Crecemos, nos hacemos adultos

  • Crecemos y nos damos cuenta de que hay amigos que no son para toda la vida, que un “para siempre” puede caer en el olvido

Escultura de niños atrapados en los cuerpos de adultos. Foto: Vitaly Deynega

Quiero volver a ser una niña, quiero volver a creer en la magia, quiero volver a creer que los monstruos no son de verdad, que la muerte con algo de suerte es algo lejano, que el malo solo está en las películas, que los amigos son para siempre, que las peleas se resuelven con un abrazo, que las heridas se curan con un beso de mamá.

Pero no. He dejado de ser una niña, hemos dejado de serlo, o eso es lo que dice la ley, que somos adultos. Y los adultos ya no creen en la magia, se sorprenden poco.

Los adultos saben que no existen monstruos enormes de color verde, sino que pueden tener el aspecto del vecino del tercero, o de la señora que va por la calle. Los adultos saben que un monstruo puede ser cualquiera, y que está en todas partes; que en vez de estar debajo de tu cama o en el armario puede estar acostado a tu lado.

Los adultos saben que la muerte es el final de un camino, para algunos largo y para otros corto. Ellos muchas veces se ven cara a cara con la muerte; otros intentan burlarse de ella, pero la muerte acaba burlándose de los adultos, de nosotros. Otros van a ella cansados de este mundo sin magia; asimismo, están aquellos a los que la muerte les ha arrebatado a alguien, que empiezan a respetarla, a temerla. Todos ellos tienen algo en común: saben que la muerte no es algo lejano; está presente.

Cada mañana cuando como adultos leemos el periódico, vemos el telediario o le echamos un vistazo a las redes sociales, nos damos cuenta de que los malos existen en la realidad, y que son mucho más malos que en las películas porque nunca los vemos venir.

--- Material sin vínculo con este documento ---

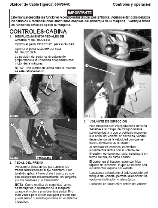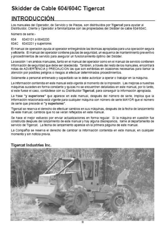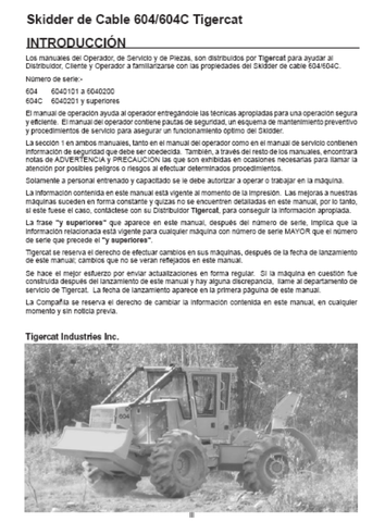 Download Complete Operator/User Manual PDF For Tigercat 604C Cable Skidder | Serial No. (6040201-6041000, 6040201-6040500) - Spanish

Los adultos aprenden, aprendemos que el malo puede llevar traje y corbata, que puede ser de aquí o de fuera, que el malo puede destrozarnos la vida y que a lo mejor no será condenado y la víctima no tendrá un final feliz como en las películas.

Crecemos y nos damos cuenta de que hay amigos que no son para toda la vida, que un “para siempre” puede caer en el olvido; aprendemos que hay quien llega más tarde, pero ese es el que se queda para siempre; que es mejor calidad a cantidad. Aprendemos a decir adiós y a querer de nuevo, una y otra vez.

Levantamos el vuelo y nos convertimos en adultos, dejamos de estar bajo el ala protectora de nuestros padres, aprendemos que las heridas no se curan con un beso de mamá. Aprendemos que aunque ese beso no las cura, muchas veces ayuda; aprendemos que las heridas son constantes, y que siempre acaban curándose.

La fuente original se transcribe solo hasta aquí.